Хрептюгин от души ненавидит Боченкова, но боится его, и потому только сквозь зубы цедит:
— Хоть бы при мужике-то не говорил!
— А корету важную изладили, Иван Онуфрич! — начинает опять Демьяныч, с природной своей сметливостью догадавшийся, что положение Хрептюгина неловко.
— Карета не дурна — так себе! — отвечает Хрептюгин, — что ж, не в телегах же ездить!
— Ай, какие ужасы! — пищит Аксинья Ивановна.
— Как же можно в телегах! — рассуждает Демьяныч, — вам поди и в корете-то тяжко… Намеднись Семен Николаич проезжал, тоже у меня стоял, так говорит: «Я, говорит, Архипушко, дворец на колеса поставлю, да так и буду проклажаться!»
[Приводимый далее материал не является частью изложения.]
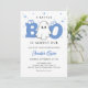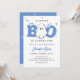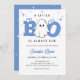 Get ready for giggles, grins, and ghostly glee with this charming baby shower invitation designed just for your little boo. Set against a white backdrop, the phrase “A Little Boo is Almost Due” takes center stage in whimsical, eyeball-inspired typography in blue complete with a peek-a-boo ghost and soft blush stars to add a touch of charm. Perfect for celebrating mamas-to-be who love a sprinkle of spooky with a whole lot of sweet, this design blends eerie elegance with adorable delight.

— Ну, уж ты там как хочешь, Иван Онуфрич, — прерывает Боченков, почесывая поясницу, — а я до следующей станции на твое место в карету сяду, а ты ступай в кибитку. Потому что ты как там ни ломайся, а у меня все-таки кости дворянские, а у тебя холопские.
От этой речи у Ивана Онуфрича спина холодеет, и он спотыкается на ровном месте.
— В Москве, что ли, корету-то делать изволили? — выручает опять Демьяныч.
— Своими мастеровыми! — отрывисто отвечает Хрептюгин.
— Слышал, батюшка, слышал; сказывают, такой чугунный заводище поставили, что только на удивленье!
— Я люблю, чтоб у меня все было в порядке… завод так чтоб завод, карета так карета… В Москве делают и хорошо, да все как-то не по мне!